SOURCE INFORMATION:

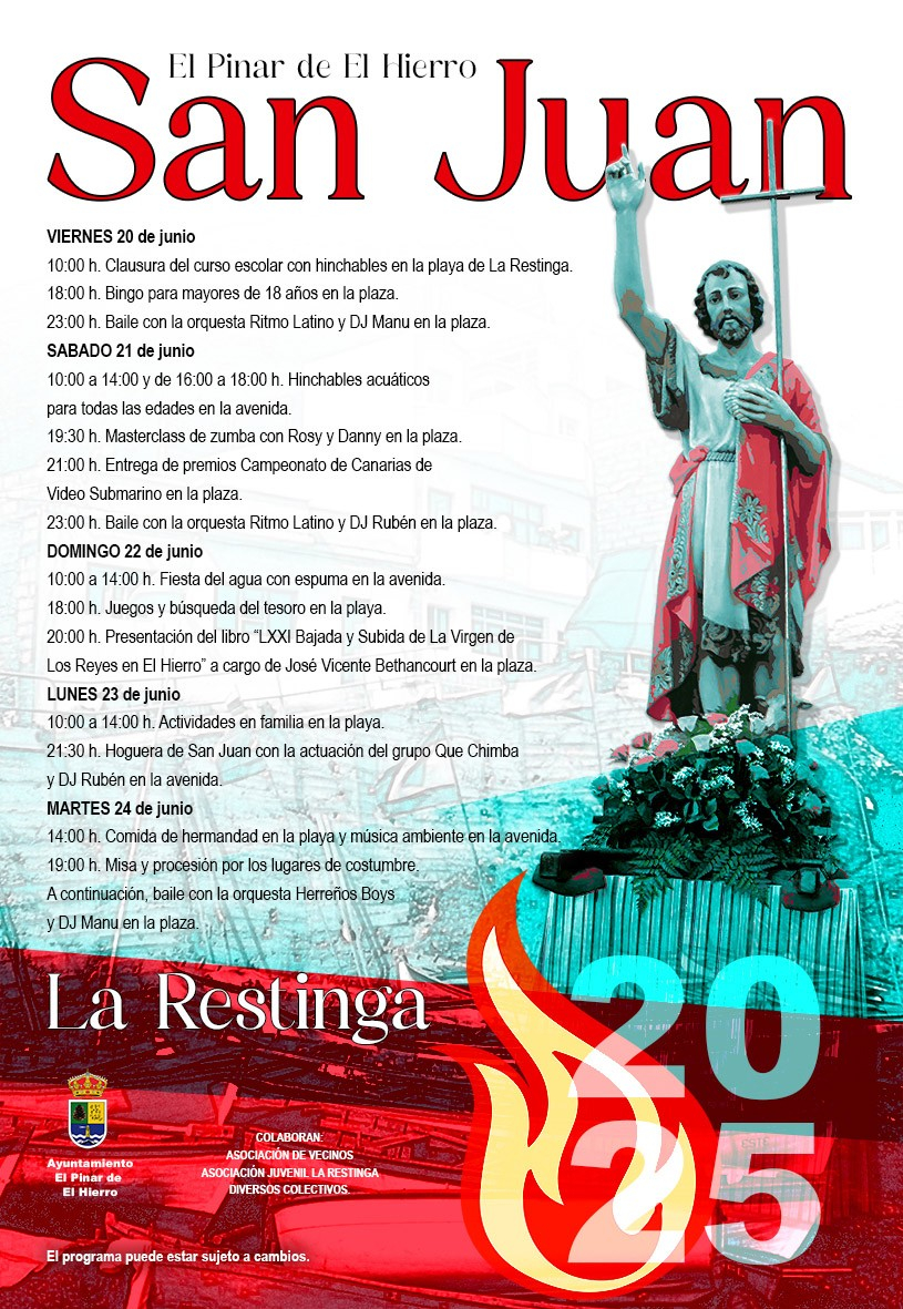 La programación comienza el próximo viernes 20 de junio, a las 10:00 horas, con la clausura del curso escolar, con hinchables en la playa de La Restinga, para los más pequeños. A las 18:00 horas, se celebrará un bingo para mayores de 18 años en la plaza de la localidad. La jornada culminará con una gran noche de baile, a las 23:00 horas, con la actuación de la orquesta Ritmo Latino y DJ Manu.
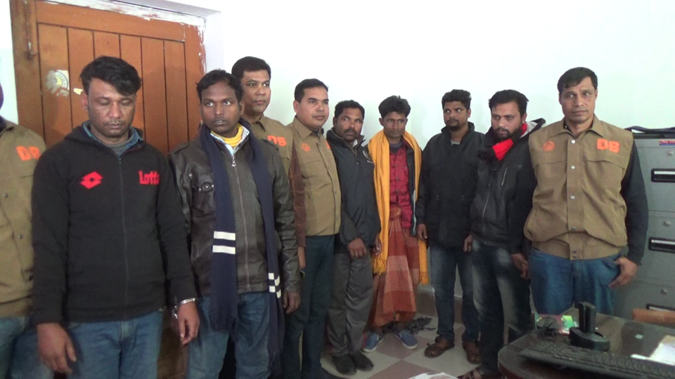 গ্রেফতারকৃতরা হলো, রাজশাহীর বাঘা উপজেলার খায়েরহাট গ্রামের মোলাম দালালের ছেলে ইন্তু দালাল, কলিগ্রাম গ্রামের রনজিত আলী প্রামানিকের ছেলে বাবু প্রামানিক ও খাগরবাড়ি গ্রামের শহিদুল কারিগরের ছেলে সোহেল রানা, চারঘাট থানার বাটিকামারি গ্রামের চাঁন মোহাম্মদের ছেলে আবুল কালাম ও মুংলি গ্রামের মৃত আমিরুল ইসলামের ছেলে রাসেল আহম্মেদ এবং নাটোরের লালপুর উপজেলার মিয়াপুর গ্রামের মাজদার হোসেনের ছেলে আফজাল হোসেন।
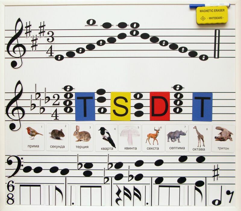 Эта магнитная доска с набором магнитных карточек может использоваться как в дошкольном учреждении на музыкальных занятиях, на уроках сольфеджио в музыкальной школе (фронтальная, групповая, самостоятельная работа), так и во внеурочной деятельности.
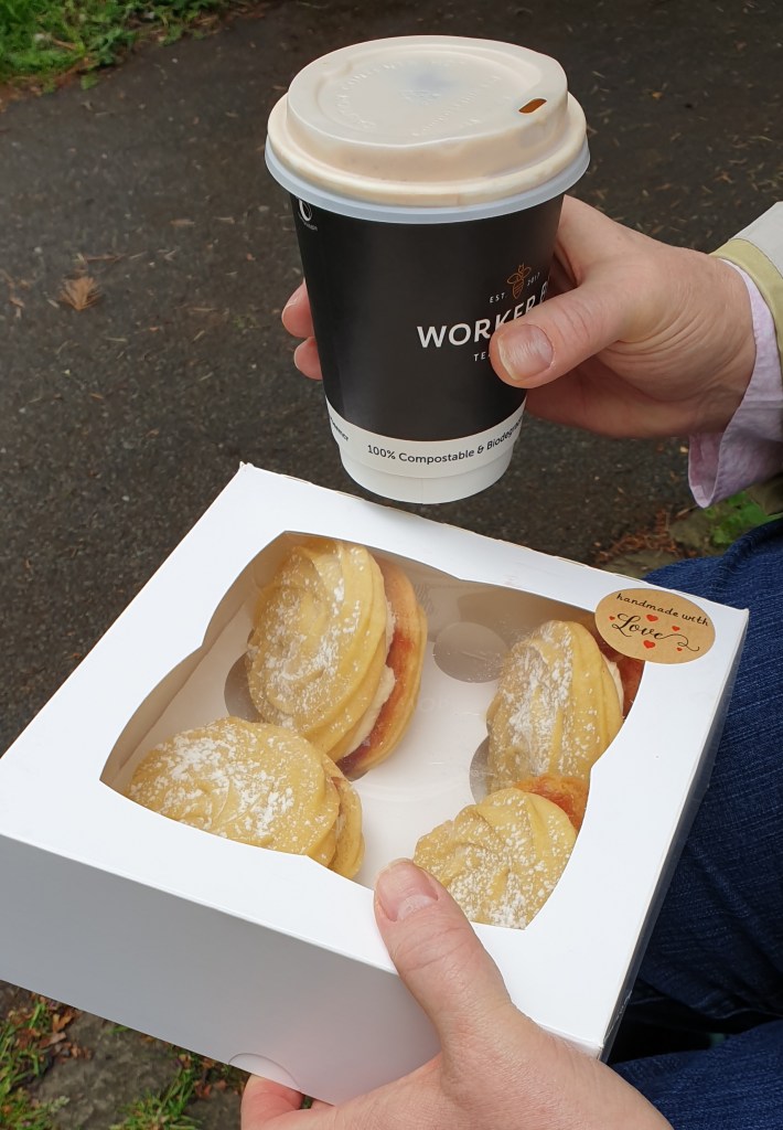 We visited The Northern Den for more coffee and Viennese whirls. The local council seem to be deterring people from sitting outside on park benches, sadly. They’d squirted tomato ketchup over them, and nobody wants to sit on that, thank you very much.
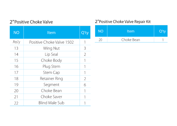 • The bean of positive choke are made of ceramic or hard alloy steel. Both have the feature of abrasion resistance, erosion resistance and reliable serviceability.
--
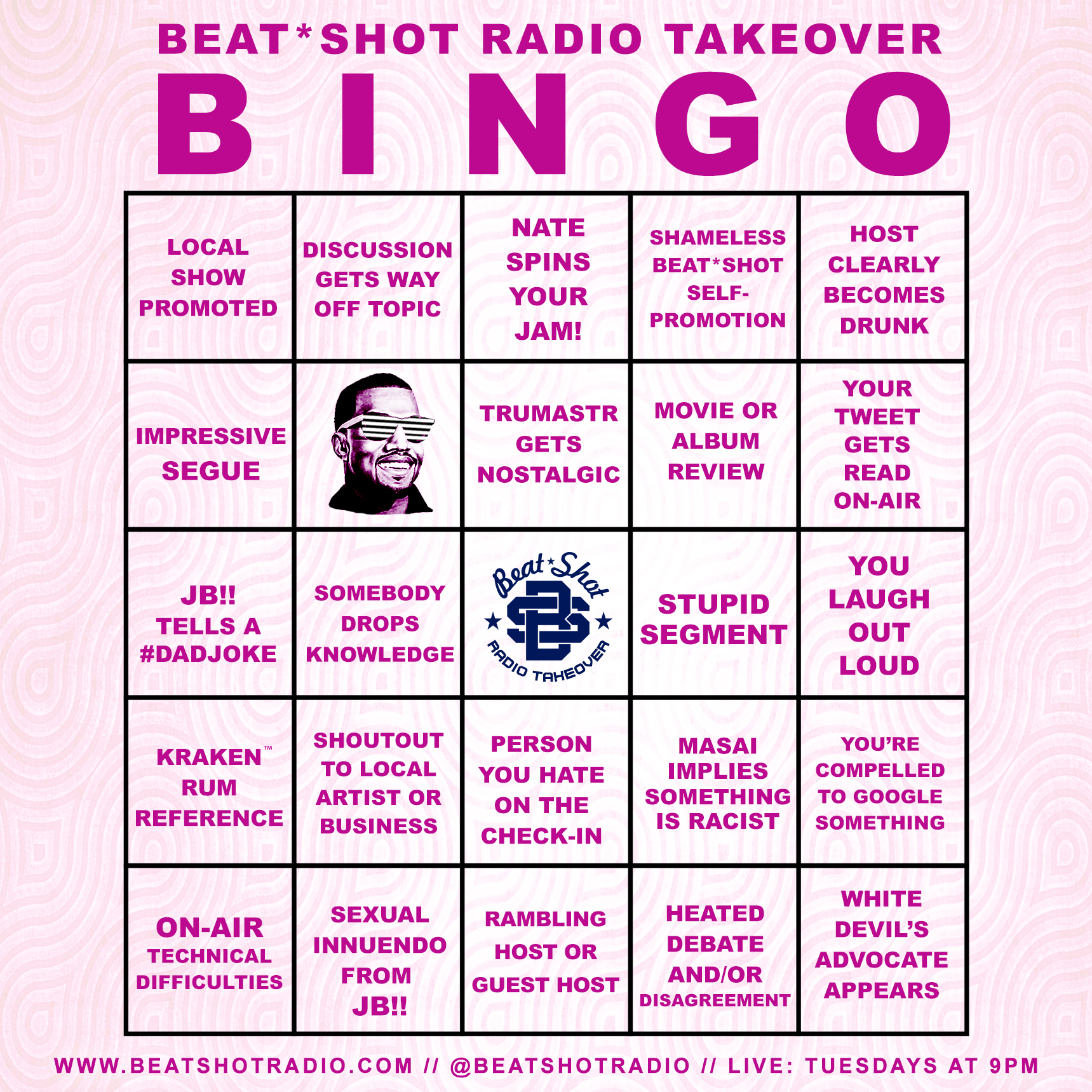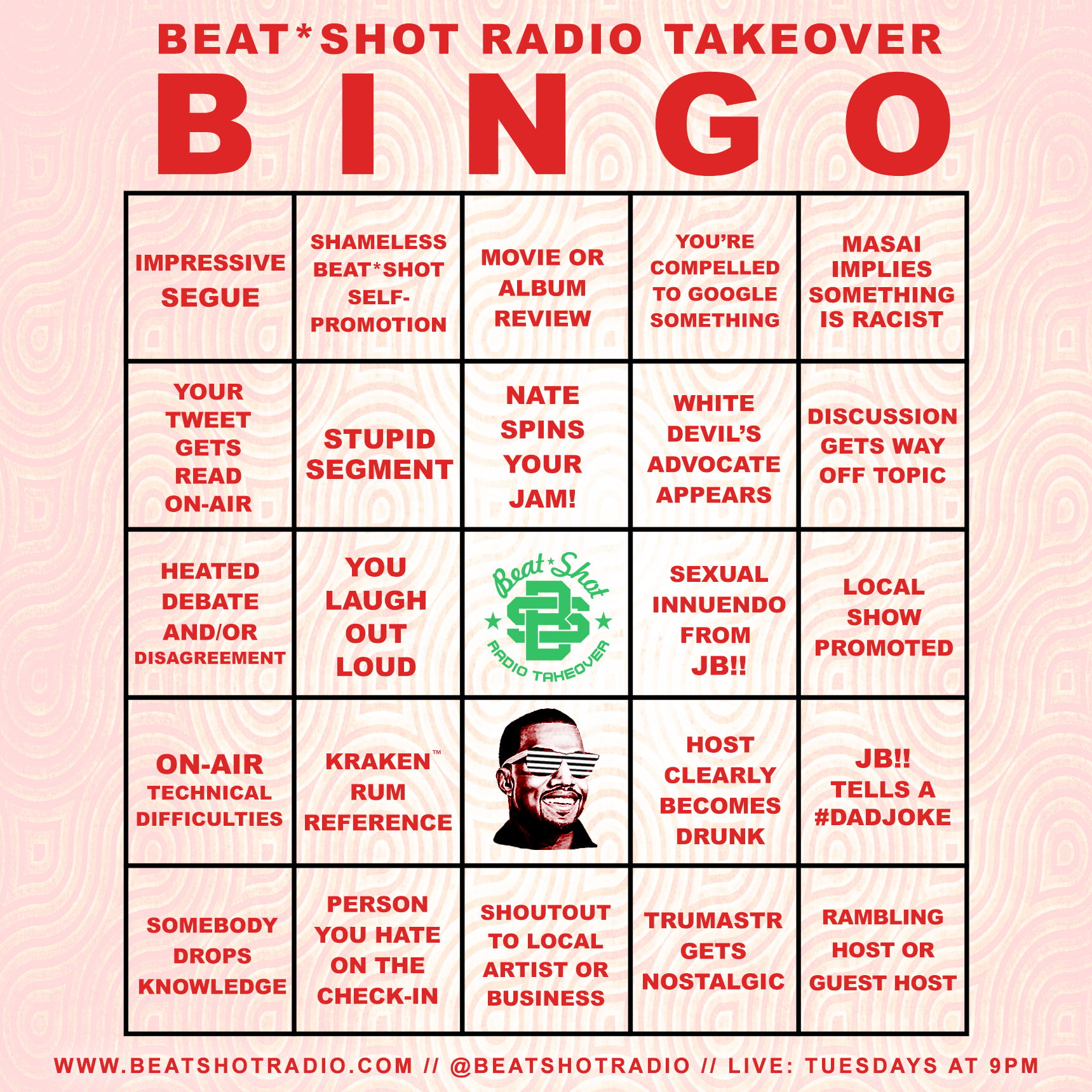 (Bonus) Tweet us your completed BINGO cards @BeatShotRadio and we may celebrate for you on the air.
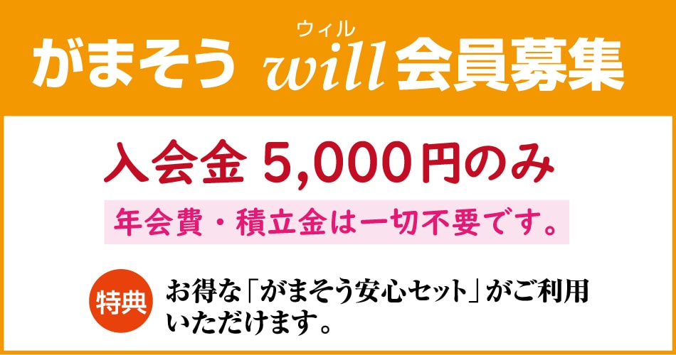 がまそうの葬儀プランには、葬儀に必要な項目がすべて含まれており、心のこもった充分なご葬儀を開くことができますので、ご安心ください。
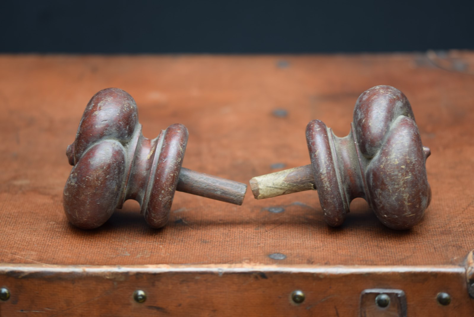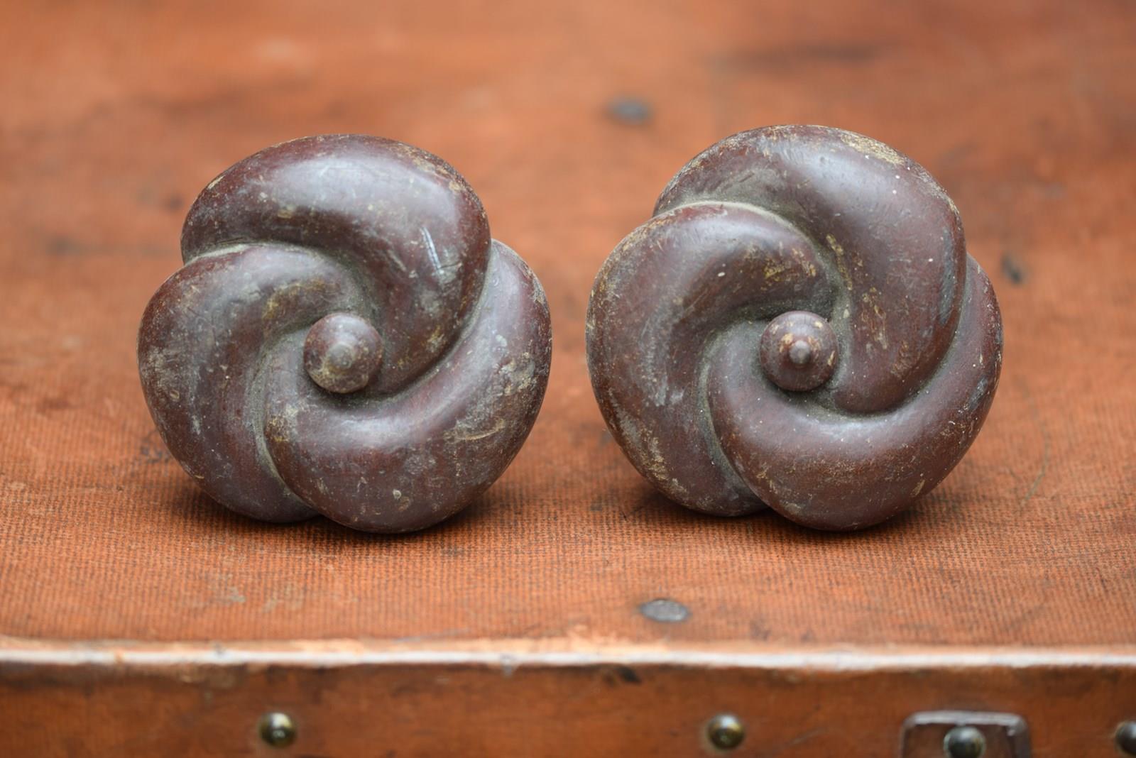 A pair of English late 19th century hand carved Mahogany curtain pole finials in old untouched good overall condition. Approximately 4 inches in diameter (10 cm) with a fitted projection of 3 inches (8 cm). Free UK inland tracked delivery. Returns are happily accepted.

HOW TO COMPLETE THIS TASK: From the data above, return only the lines starting at the line that holds "(Bonus) Tweet us" and ending at the line that holds "A pair of English", word for word and without pictures.

REPLY TO THE TASK:
 (Bonus) Tweet us your completed BINGO cards @BeatShotRadio and we may celebrate for you on the air.
 がまそうの葬儀プランには、葬儀に必要な項目がすべて含まれており、心のこもった充分なご葬儀を開くことができますので、ご安心ください。
 A pair of English late 19th century hand carved Mahogany curtain pole finials in old untouched good overall condition. Approximately 4 inches in diameter (10 cm) with a fitted projection of 3 inches (8 cm). Free UK inland tracked delivery. Returns are happily accepted.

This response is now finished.